— Problem to work on —
No picture belongs in the answer, which must hold exactly the lines from the one with "VenmoThis is a" through the final line below.

= = =

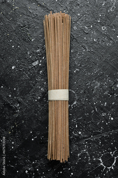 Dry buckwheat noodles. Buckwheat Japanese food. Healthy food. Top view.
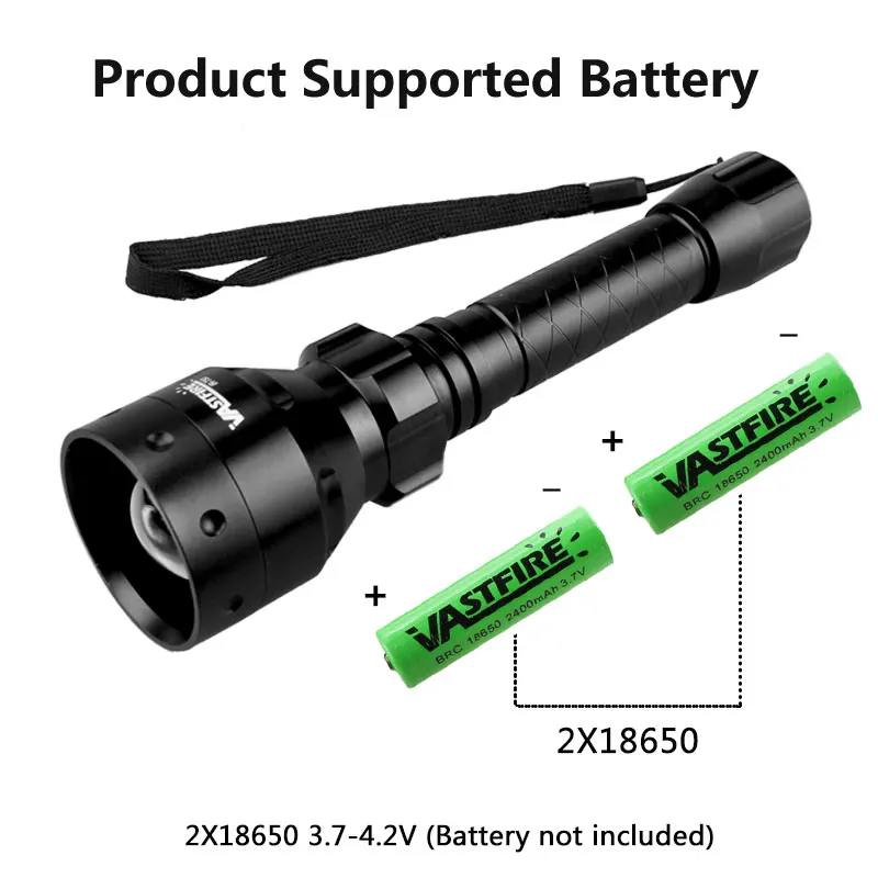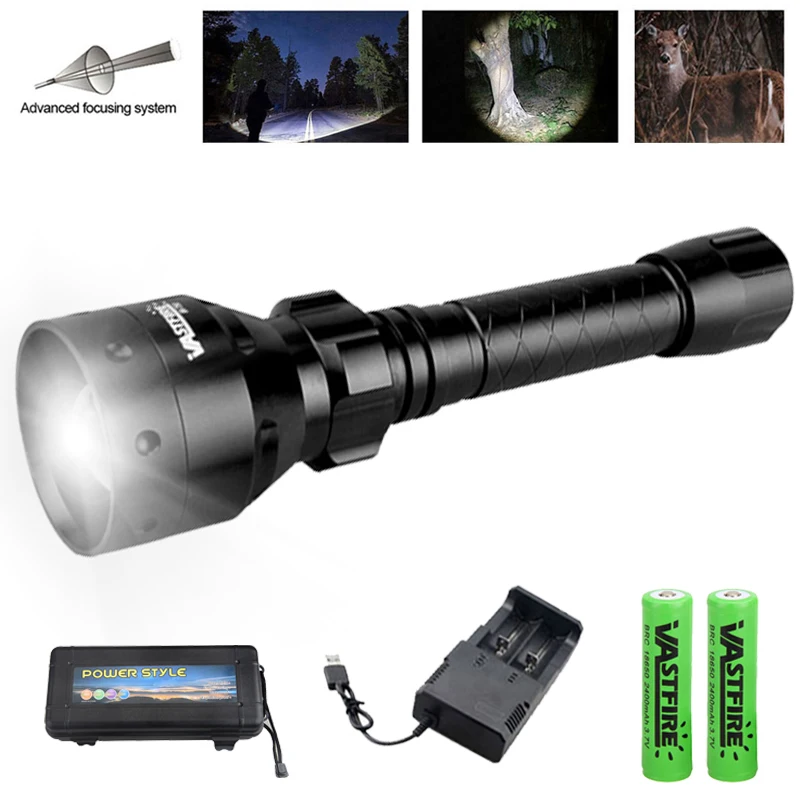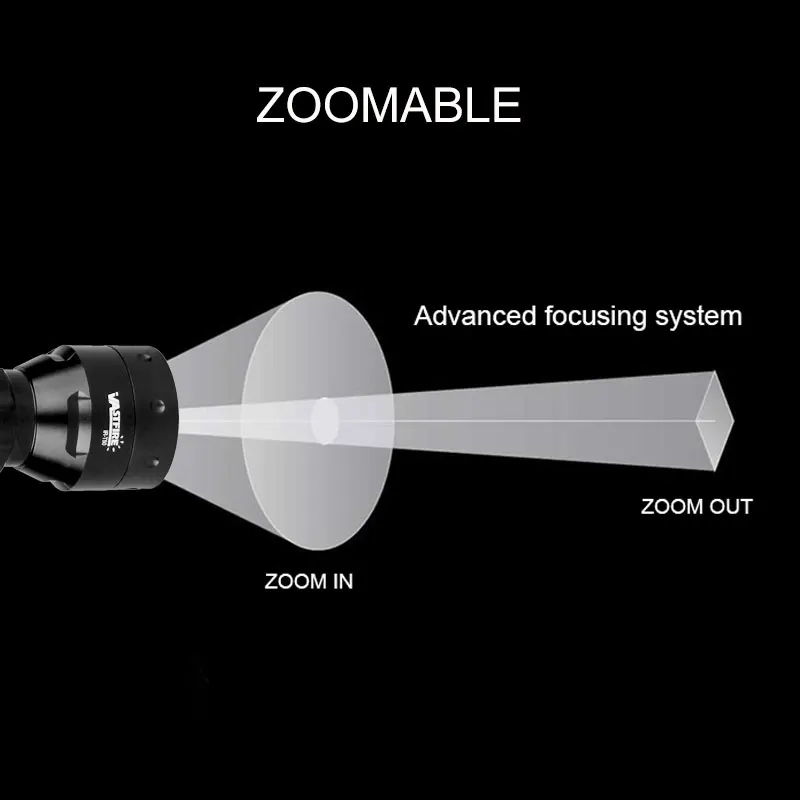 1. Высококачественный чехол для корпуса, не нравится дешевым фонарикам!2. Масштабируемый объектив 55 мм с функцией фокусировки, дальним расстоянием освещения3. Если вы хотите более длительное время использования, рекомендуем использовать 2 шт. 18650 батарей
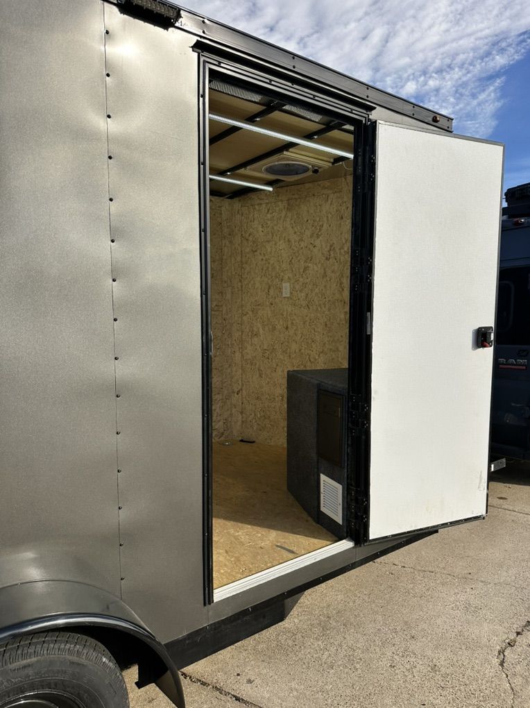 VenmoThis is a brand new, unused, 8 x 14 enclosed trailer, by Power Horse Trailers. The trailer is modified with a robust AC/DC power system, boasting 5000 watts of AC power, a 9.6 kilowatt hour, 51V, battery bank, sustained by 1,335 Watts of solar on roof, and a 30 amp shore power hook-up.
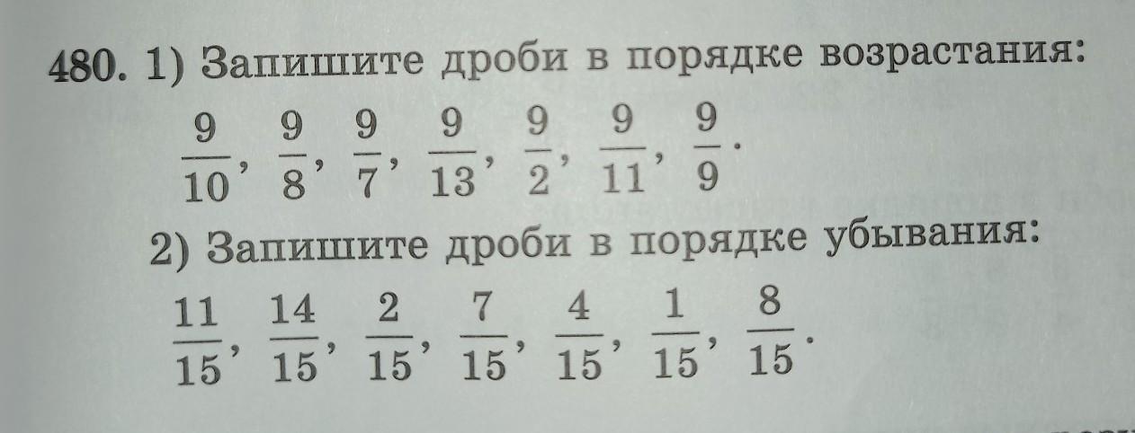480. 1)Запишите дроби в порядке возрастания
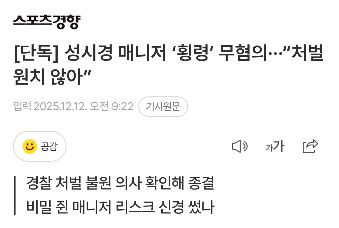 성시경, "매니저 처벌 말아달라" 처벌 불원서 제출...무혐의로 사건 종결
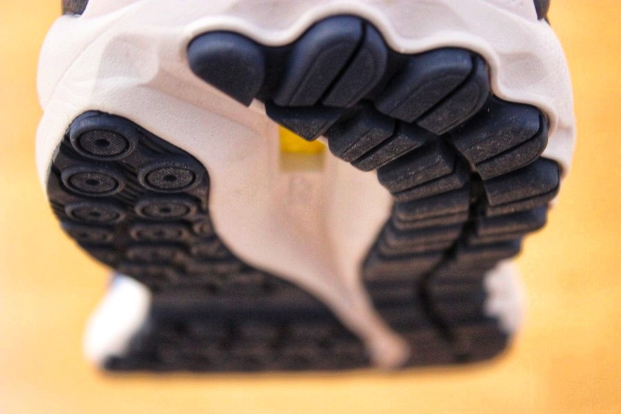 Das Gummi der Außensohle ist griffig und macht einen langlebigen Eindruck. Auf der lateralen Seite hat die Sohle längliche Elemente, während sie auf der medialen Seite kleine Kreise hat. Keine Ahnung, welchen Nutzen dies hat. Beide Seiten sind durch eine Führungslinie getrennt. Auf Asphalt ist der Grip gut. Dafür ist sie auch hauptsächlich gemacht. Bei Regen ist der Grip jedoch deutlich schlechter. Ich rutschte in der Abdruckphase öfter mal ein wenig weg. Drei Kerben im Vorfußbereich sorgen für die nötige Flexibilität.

= = =

— Output for this exercise —
 VenmoThis is a brand new, unused, 8 x 14 enclosed trailer, by Power Horse Trailers. The trailer is modified with a robust AC/DC power system, boasting 5000 watts of AC power, a 9.6 kilowatt hour, 51V, battery bank, sustained by 1,335 Watts of solar on roof, and a 30 amp shore power hook-up.
480. 1)Запишите дроби в порядке возрастания
 성시경, "매니저 처벌 말아달라" 처벌 불원서 제출...무혐의로 사건 종결
 Das Gummi der Außensohle ist griffig und macht einen langlebigen Eindruck. Auf der lateralen Seite hat die Sohle längliche Elemente, während sie auf der medialen Seite kleine Kreise hat. Keine Ahnung, welchen Nutzen dies hat. Beide Seiten sind durch eine Führungslinie getrennt. Auf Asphalt ist der Grip gut. Dafür ist sie auch hauptsächlich gemacht. Bei Regen ist der Grip jedoch deutlich schlechter. Ich rutschte in der Abdruckphase öfter mal ein wenig weg. Drei Kerben im Vorfußbereich sorgen für die nötige Flexibilität.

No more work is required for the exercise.